Background. Treatment initiation rapidly kills most drug-susceptible Mycobacterium tuberculosis, but a bacterial subpopulation tolerates prolonged drug exposure. We evaluated drug-tolerant bacilli in human sputum by comparing messenger RNA (mRNA) expression of drug-tolerant bacilli that survive the early bactericidal phase with treatment-naive bacilli. Methods. M. tuberculosis gene expression was quantified via reverse-transcription polymerase chain reaction in serial sputa from 17 Ugandans treated for drug-susceptible pulmonary tuberculosis. Results. Within 4 days, bacterial mRNA abundance declined >98%, indicating rapid killing. Thereafter, the rate of decline slowed >94%, indicating drug tolerance. After 14 days, 16S ribosomal RNA transcripts/genome declined 96%, indicating slow growth. Drug-tolerant bacilli displayed marked downregulation of genes associated with growth, metabolism, and lipid synthesis and upregulation in stress responses and key regulatory categories—including stress-associated sigma factors, transcription factors, and toxin-antitoxin genes.
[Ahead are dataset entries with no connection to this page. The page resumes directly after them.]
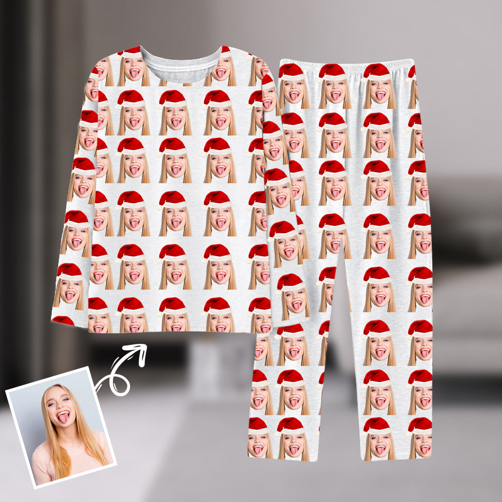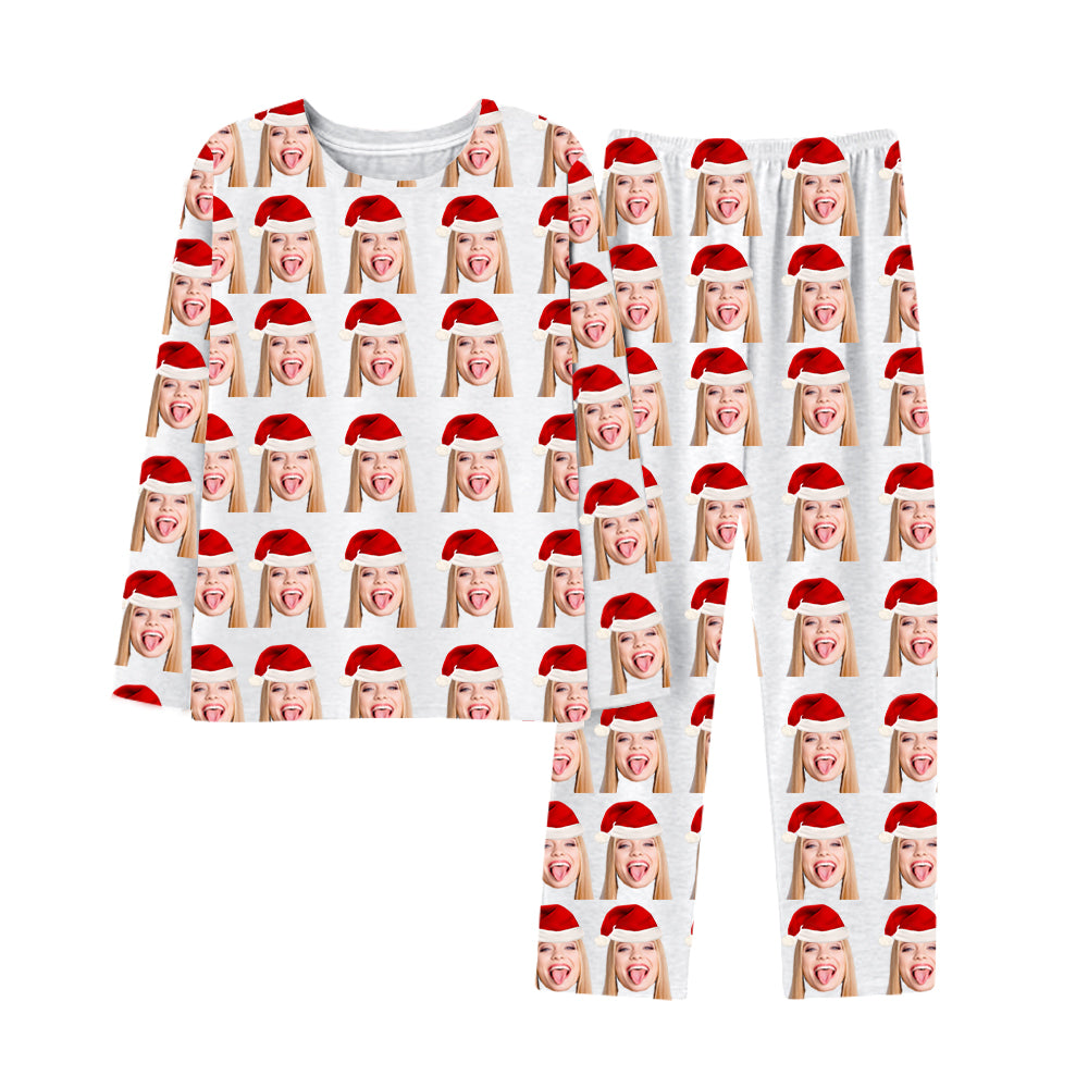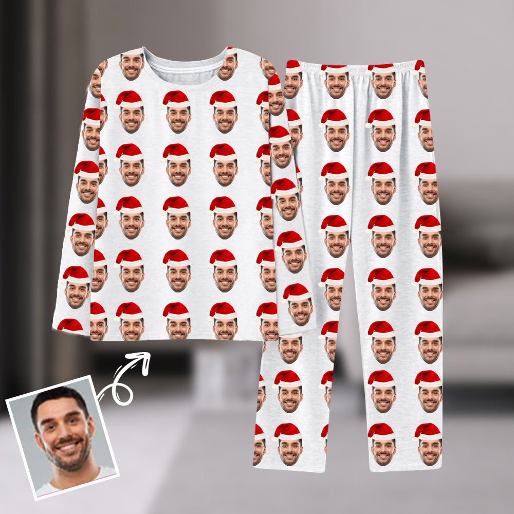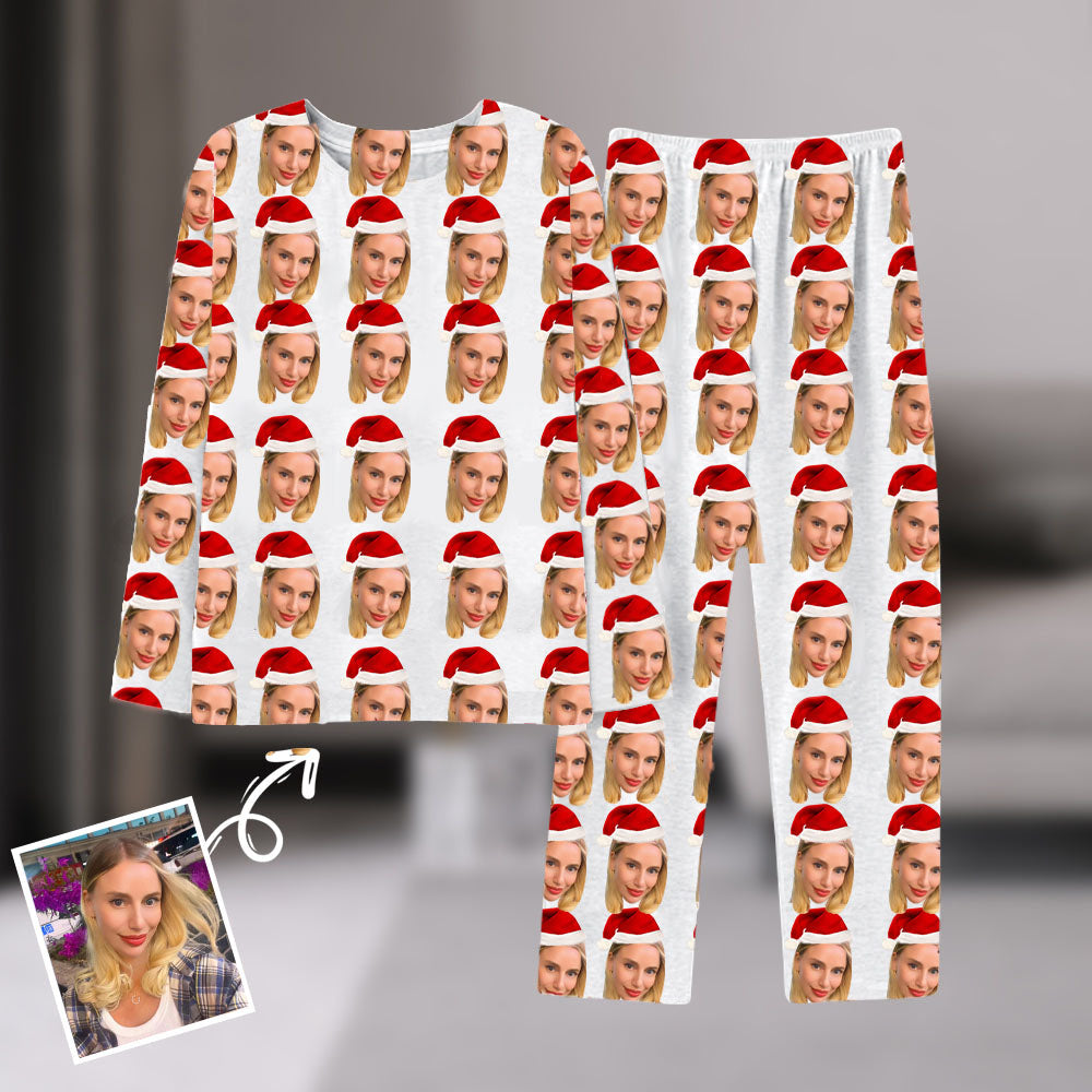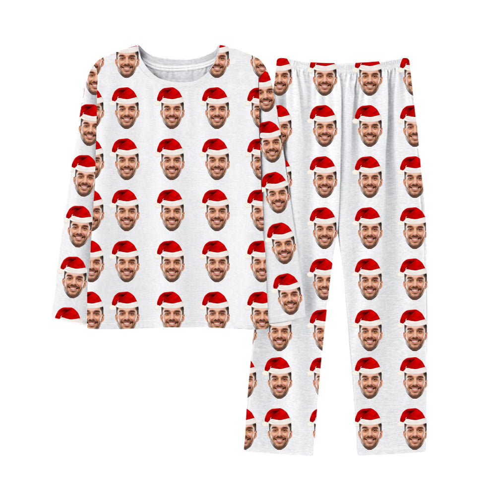 Lustiger benutzerdefinierter Avatar-Pyjama, männlich, weiblich, Langarm-Pyjama, Weihnachtsmütze
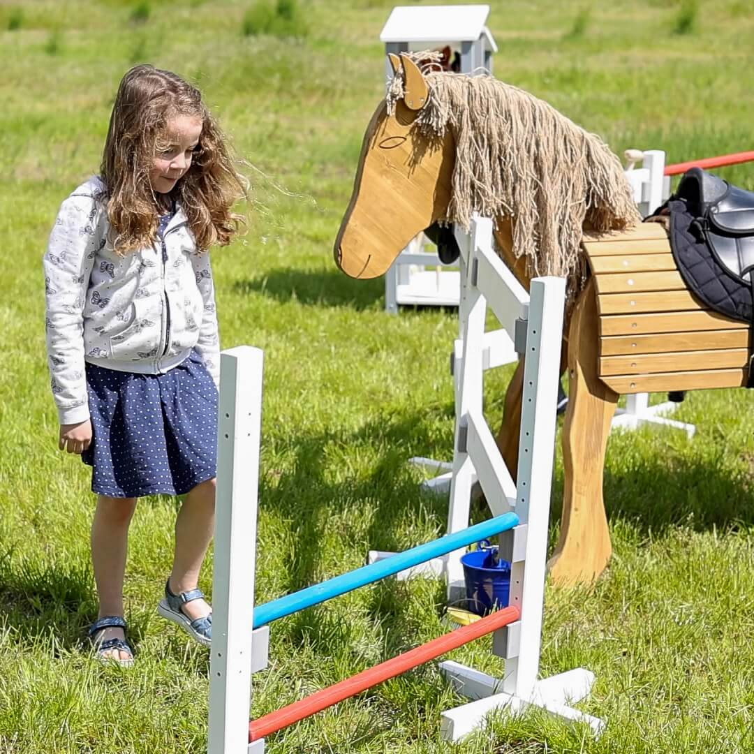 Entdecke die vielseitigen Möglichkeiten des Kinder Springhürde-Systems! Dieses Spielzeug kann sowohl als Hindernis Springhürde für Steckenpferde als auch als Leitergolf-Wurfspiel genutzt werden. Aber das ist noch nicht alles - indem Sie das Erweiterungs-Set 7037.1 erwerben, können Sie das Springhürde-System erweitern und als Zaun verwenden!
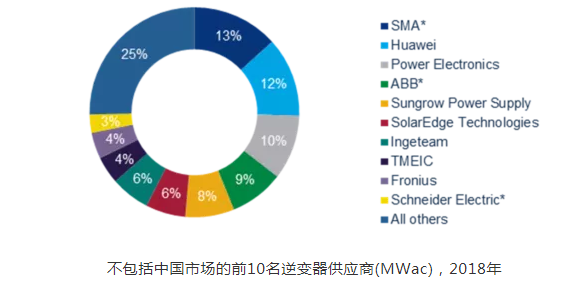 2018年,中國逆變器制造商占全球出貨量的28%,高于2017年出貨量的22%和2016年的14%,在歐洲、拉丁美洲、中東等地區(qū),中國公司的市場份額也比去年有所增長。作為全球頂級逆變器制造商,華為在拉丁美洲、歐洲等地區(qū)的擴(kuò)張非常成功。
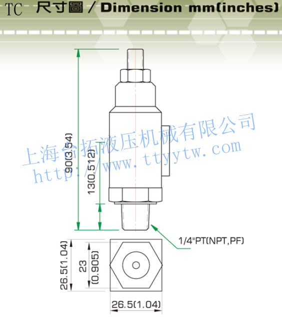 1、壓力繼電器TC一般型小型壓力開關(guān),微動(dòng)開關(guān)容量,牙口為1/4"PT(RC),1/4"NPT,1/4"PF(G)三種。
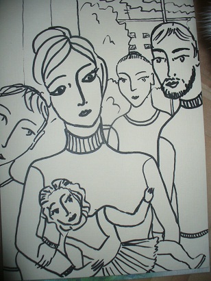 Маму за столом,
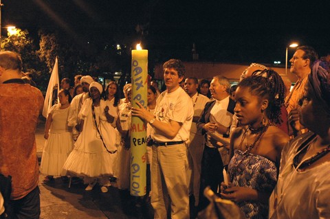 March for Peace in Porto Alegre: Rev. Hansulrich Gerber, DOV Coordinator for the WCC, carrying the big candle
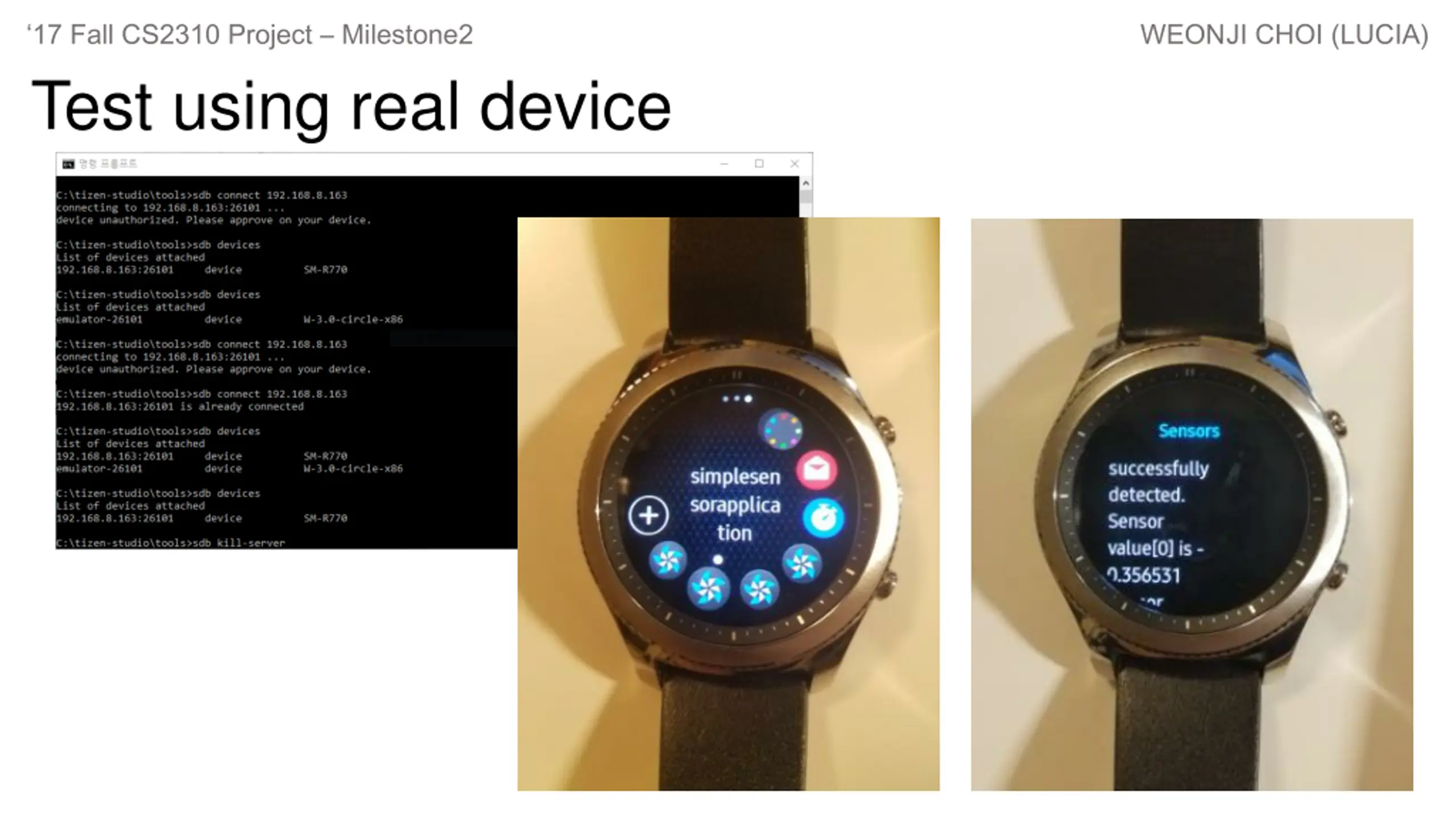 17 Fall CS2310 Project Milestone2 WEONJI CHOI (LUCIA) Test using real device
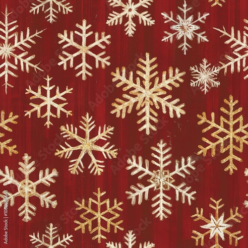 Minimalist decorative background with endless pattern - stars and snowflakes on red background
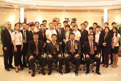 图说:长江国际商会理事单位华康财富员工合影
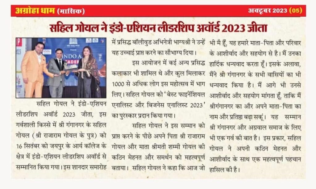 In recognition of his contribution to financial education, Sahil Goyal received the “Best Market Analyst Award” in 2023, presented by Bollywood actress Bhagyashree, in a grand event attended by over 5,000 people.
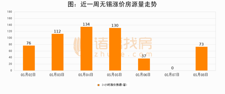 根据诸葛找房数据显示,无锡24小时涨价房源量为73套,较05月07日增加73套,环比上涨0%。与此同时,涨价房源占比小幅扩大,业主信心有所提升。
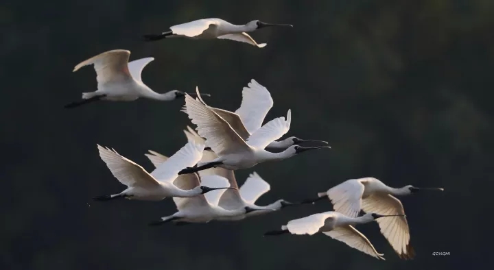 黑脸琵鹭2016年全球整体数量仅3356只,属全球濒危物种类别、中国二级保护动物,因其扁平如汤匙状的长嘴,与中国乐器中的琵琶极为相似,因而得名;亦因其姿态优雅,又被称为“黑面天使”或“黑面舞者”

Drug efflux pumps were upregulated. The isoniazid stress signature was induced by initial drug exposure, then disappeared after 4 days. Conclusions. Transcriptional patterns suggest that drug-tolerant bacilli in sputum are in a slow-growing, metabolically and synthetically downregulated state. Absence of the isoniazid stress signature in drug-tolerant bacilli indicates that physiological state influences drug responsiveness in vivo. These results identify novel drug targets that should aid in development of novel shorter tuberculosis treatment regimens.